Nick de Bois Commons The new MP for Enfield North, Nick de Bois, expressed his ambition to become "the No. 1 salesman" for his constituency before touching on his principle theme:

"The localism that is evident from the Gracious Speech is one that I know the people of Enfield will welcome, so that they, and not remote politicians, can shape and influence the neighbourhood as they see fit. We were honoured when that localism was made acutely evident when my right hon. Friend the Secretary of State for Health visited our hospital, Chase Farm, within 14 days of the general election. He immediately stopped the top-down, London-led, unwelcome and unpopular reconfiguration plans for our hospital and returned the control and direction of our health care needs to residents and GPs, removing the threat of forced closures. That was a welcome demonstration of localism and of the new Government in action.

"That same localism is proposed across other key areas that dominate people’s day-to-day lives, including planning, which can literally have an impact on the street they live on. The Queen’s Speech marks the first real opportunity for an MP to work with his constituents, local authorities and public bodies to shape their neighbourhoods, services and environment and thus deliver real improvement to quality of life for all. I welcome that challenge and opportunity, as will my constituents."

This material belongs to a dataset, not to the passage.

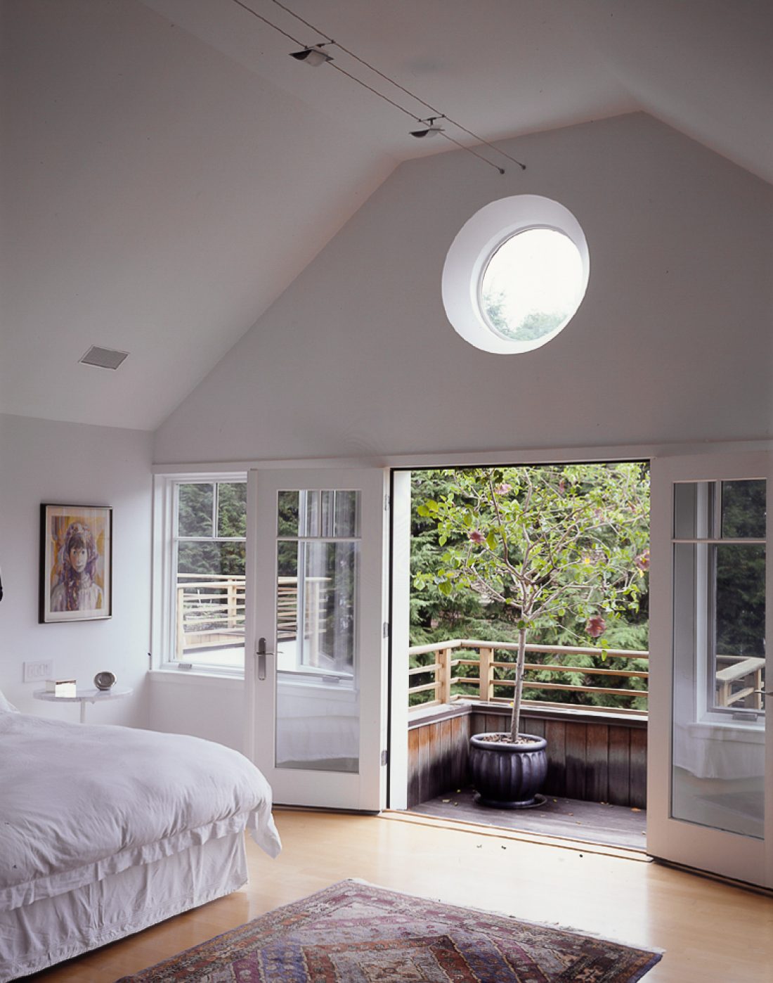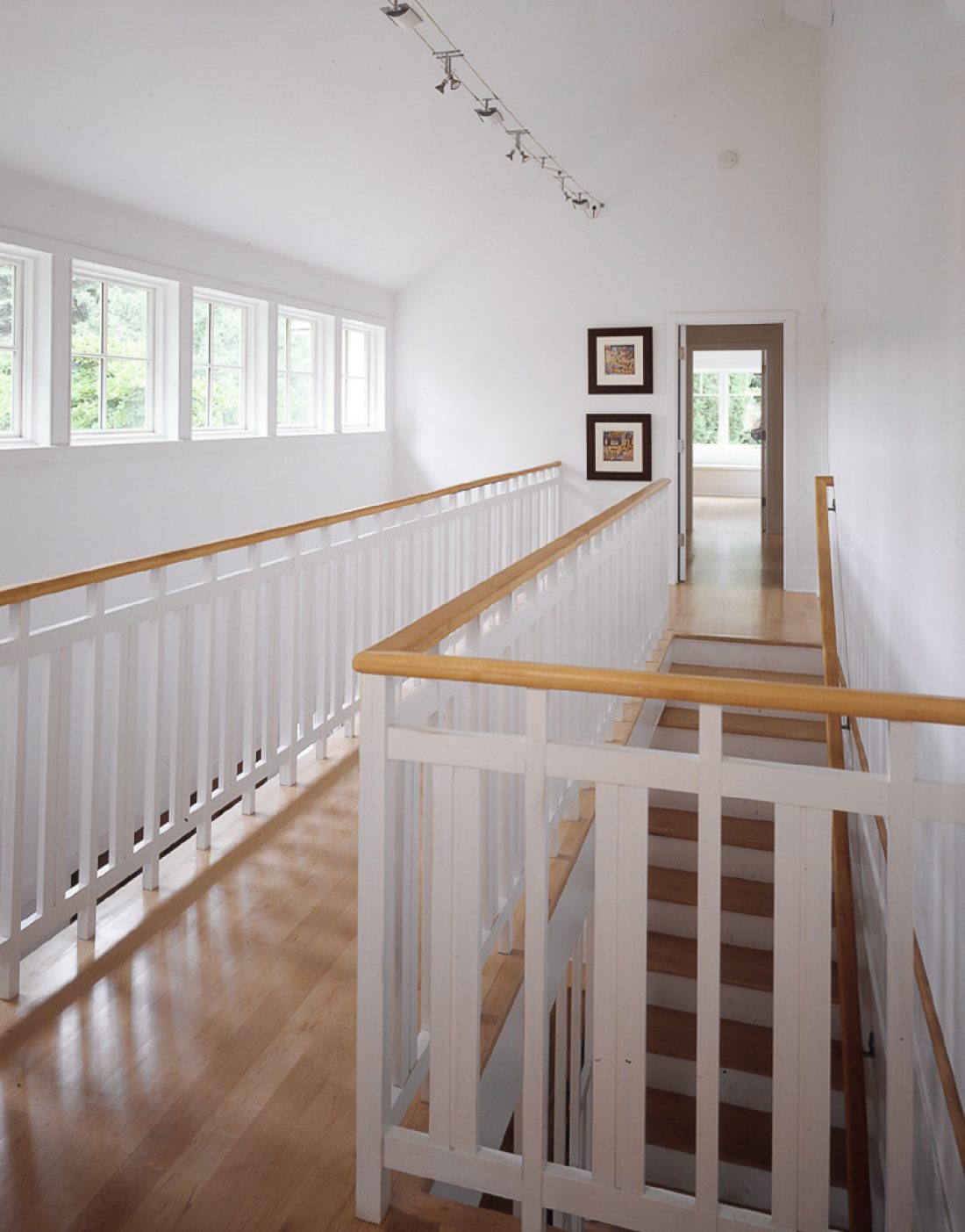 The second floor is created with dormers. A bridge on the second floor separates the master suite from the adult children’s area.
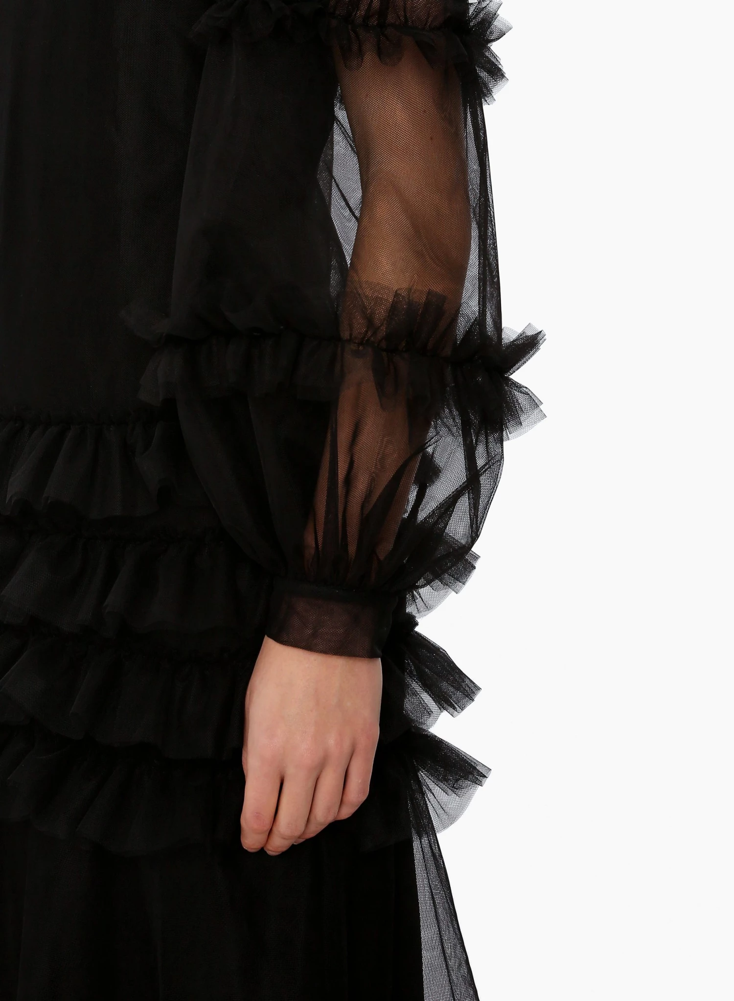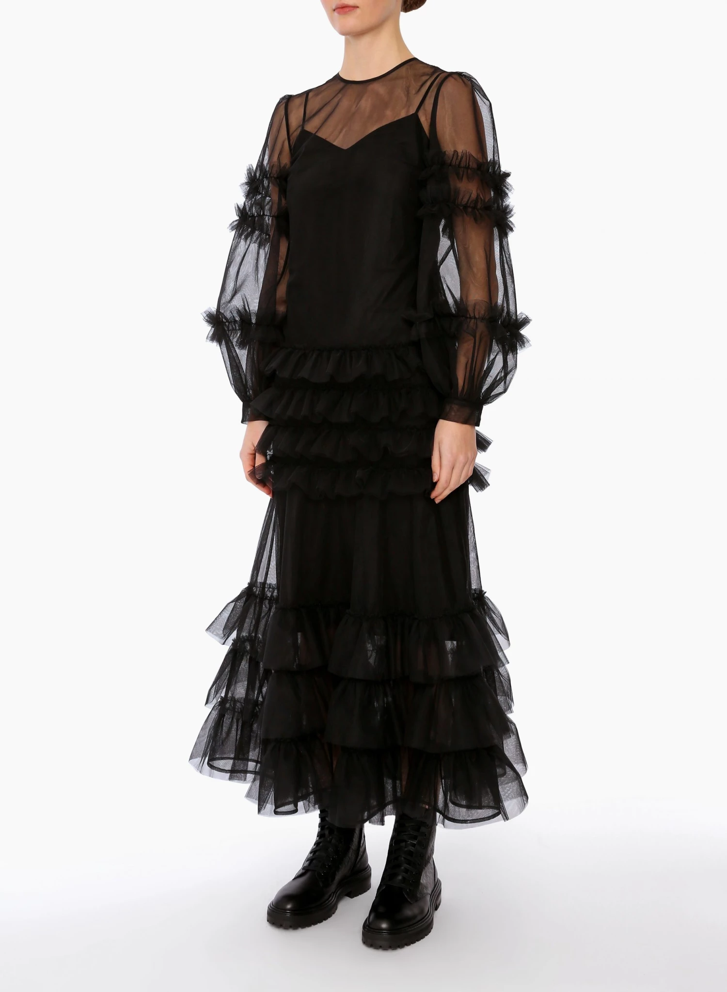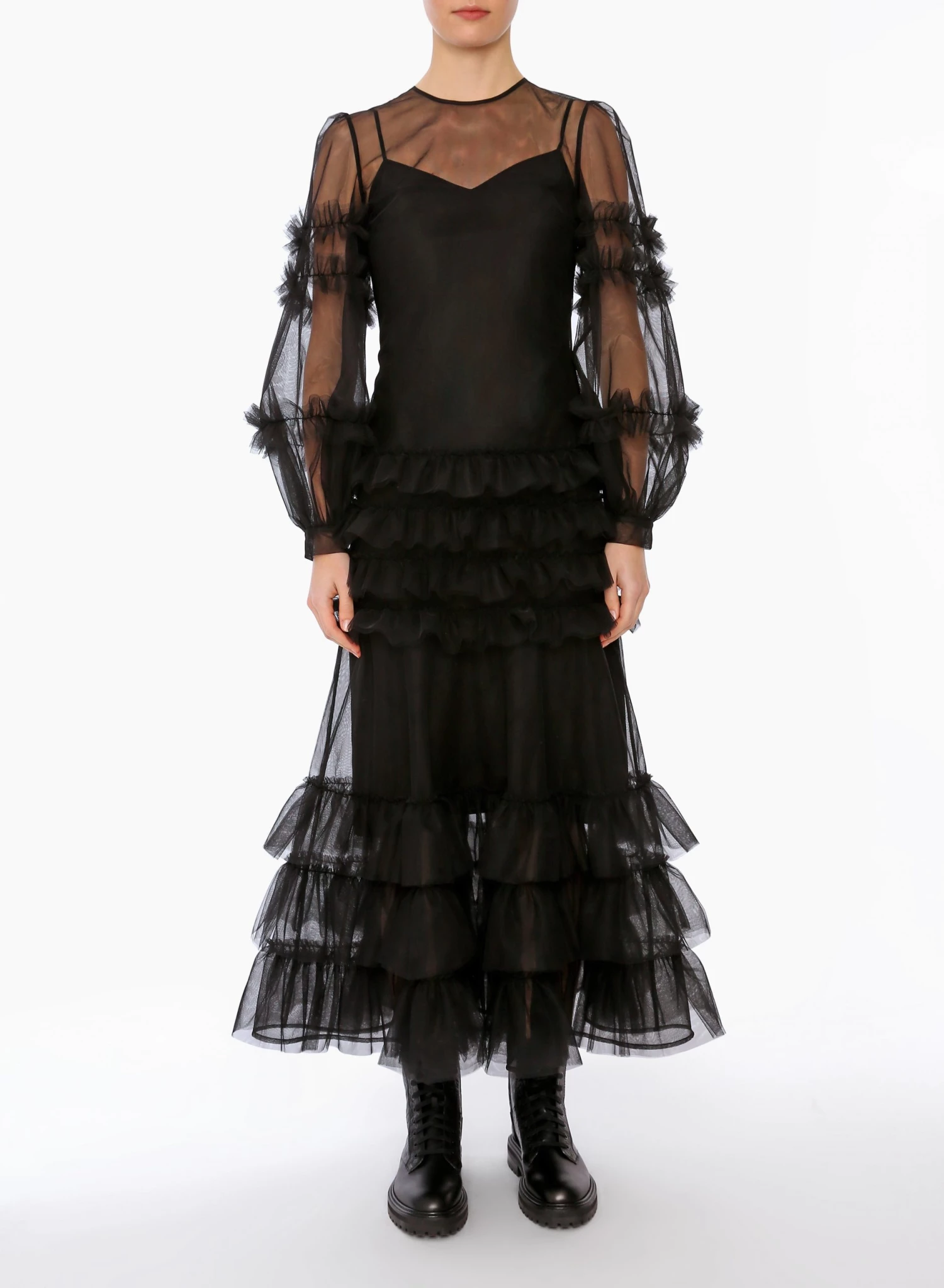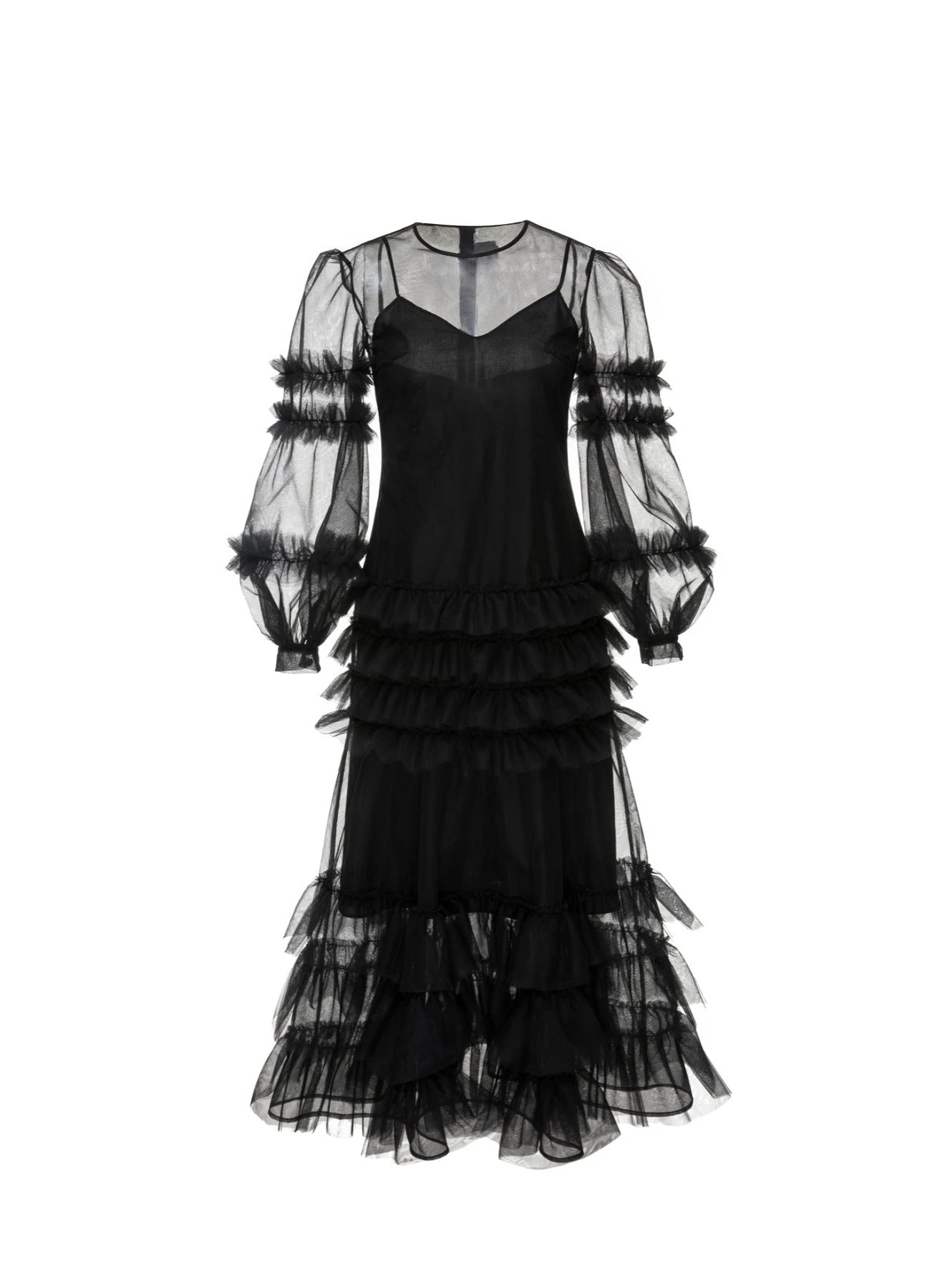 The Maizie Dress is an ankle length dress made from Huishan Zhang’s signature tulle. It has ruffles tracing the sleeves and skirt and is underpinned with a tonal silk slip for opacity.

Henry Smith Commons Henry Smith, the outgoing leader of West Sussex County Council, who gained Crawley from Labour, also marked himself out as a localist:

"I cannot help thinking that, after being a somewhat big fish in a small pool, I am now a somewhat smaller fish in a somewhat larger pool. I hope that, as I become used to these larger waters, I shall be able to speak up for the rights of local government and the principle of decentralisation of power away from Whitehall to our local authorities. I believe it is a very important principle that, where services are largely locally delivered, they should be largely locally decided on. I look forward to playing my part in this coalition Government in the devolving of power down to our elected local governments, and the extension of the authority that individuals and communities have over the important public services that are locally delivered."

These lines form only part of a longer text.